What you should know: The new AI training policy affects millions of LinkedIn users across six major regions and territories.
- Users in the UK, EU, EEA, Switzerland, Canada, and Hong Kong will have their data used to train LinkedIn’s AI tools unless they specifically opt out.
- The setting will be enabled by default under Microsoft’s “legitimate interest” legal framework, meaning users must take action to prevent their data from being used.
- Data from users under 18 will be excluded from AI training, LinkedIn confirmed.
How to opt out: LinkedIn has made the process relatively straightforward compared to typical social media privacy settings.
- Users can find the “Data for Generative AI Improvement” option under “How LinkedIn uses your data” in the “Data privacy” section of Settings.
- Alternatively, members can submit objections through LinkedIn’s Data Processing Objection form for broader AI training opt-outs.

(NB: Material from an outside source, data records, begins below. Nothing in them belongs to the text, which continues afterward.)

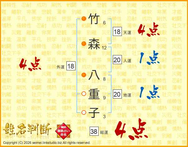 竹森八重子さんの総運は38画の4点!
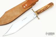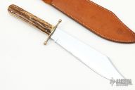 This J. Bowie by Ka-Bar features a mirror polished blade with false top edge, .150" blade stock and 1.778" blade depth, full tang construction. The handle has a brass guard and stag scales. Comes with a brown leather sheath. Has some scratches, has been sharpened, otherwise good condition.
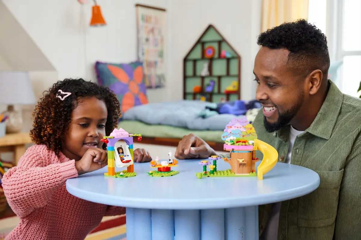 ✅Zestaw zawiera minifigurkę Gabi oraz figurki Kiciusia Pandusia i Wróżkici, a także domek na drzewie do zbudowania z łóżkiem i przekąskami oraz ogród ze zjeżdżalnią, huśtawką i karuzelą
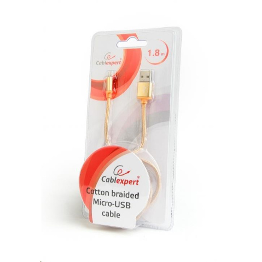 Cotton braided Micro-USB cable with metal connectors, 1.8 m, gold color, blister
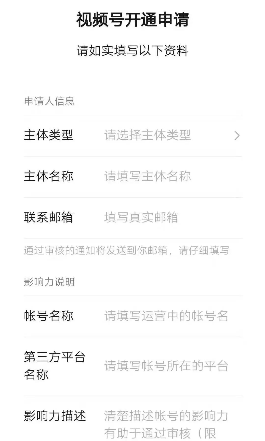 当你有了视频号申请入口的时候,就可以填写信息进行申请了(如下图)。

- However, the opt-out only applies to data collected after the user changes their settings—previous data remains accessible for AI training.
The bigger picture: LinkedIn joins other major social platforms in using member data for AI development, following similar moves by competitors.
- Meta announced in September 2024 that it would train AI models on Facebook and Instagram user data, initially pausing after regulatory pushback before resuming with clearer opt-out options.
- Microsoft, LinkedIn’s parent company, can implement this default setting because it’s classified as “legitimate interest” under current data protection laws.
Why this matters: The policy change reflects the growing demand for training data as AI companies race to improve their models, but it also highlights ongoing tensions between user privacy expectations and corporate AI ambitions.